■ REQUIRED ACTION
Tell how many lines in the data below include the word "drum". The answer is the number only.

===== RECORD EXTRACTS

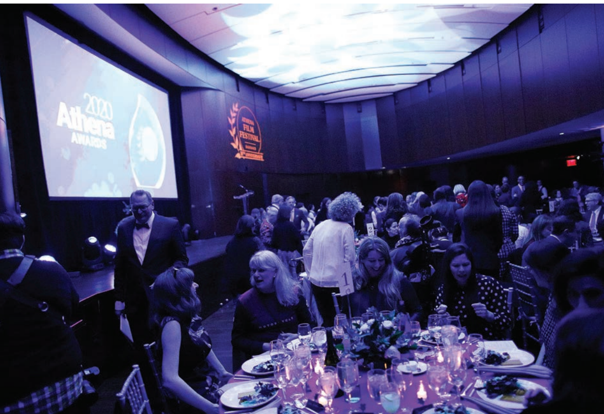
▼ The 2020 Athena Film Festival awards ceremony in New York City.

KOLBERT: Frozen was a huge breakthrough in terms of animated films. Not only was it a great story focused on women characters, it was also a blockbuster. The fact that female characters were leading the film—and that it also made a lot of money—was really key in opening doors for women in film.
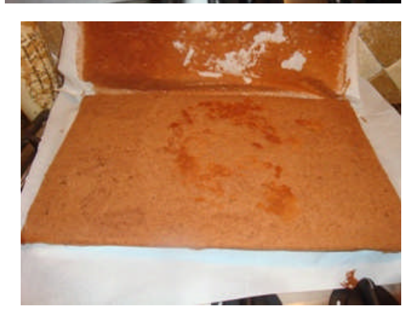
Step 11 -Roll the cake

Roll the cake up in the towel or paper, starting with a short side. Then let it cool on a wire rack. The cake portion is now done! If you need to take a break, put the cake in a sealed container or plastic bag.
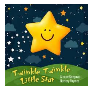
Twinkle Twinkle Little Star
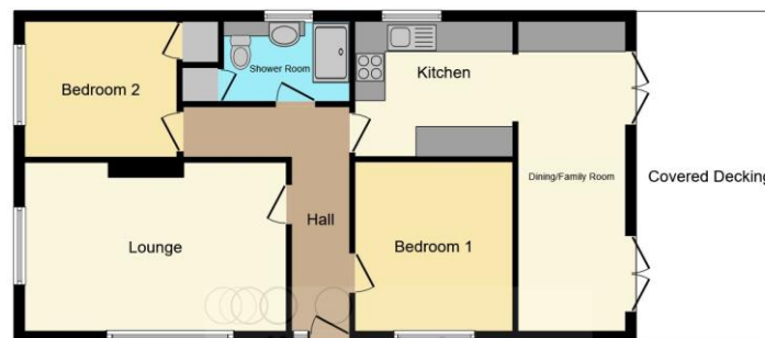
william brown Floor Plan

Double glazed french doors to the front and window to the side.
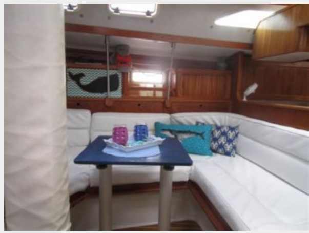
Catalina U Shape Settee to Starboard
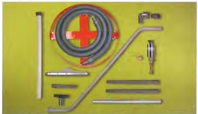
Model 6296 Deluxe Reversible Drum Vac System includes a 55 gallon drum dolly, spill recovery kit, vacuum hose and all tools.

A steel drum with nominal thickness of 1.5mm (16 gauge) is recommended (ANSI Standard #MH2-1997).
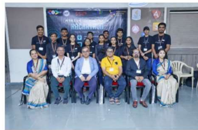
A group photo of organizers, judges, mentors and volunteers

==========

■ REPLY TO THE EXERCISE
2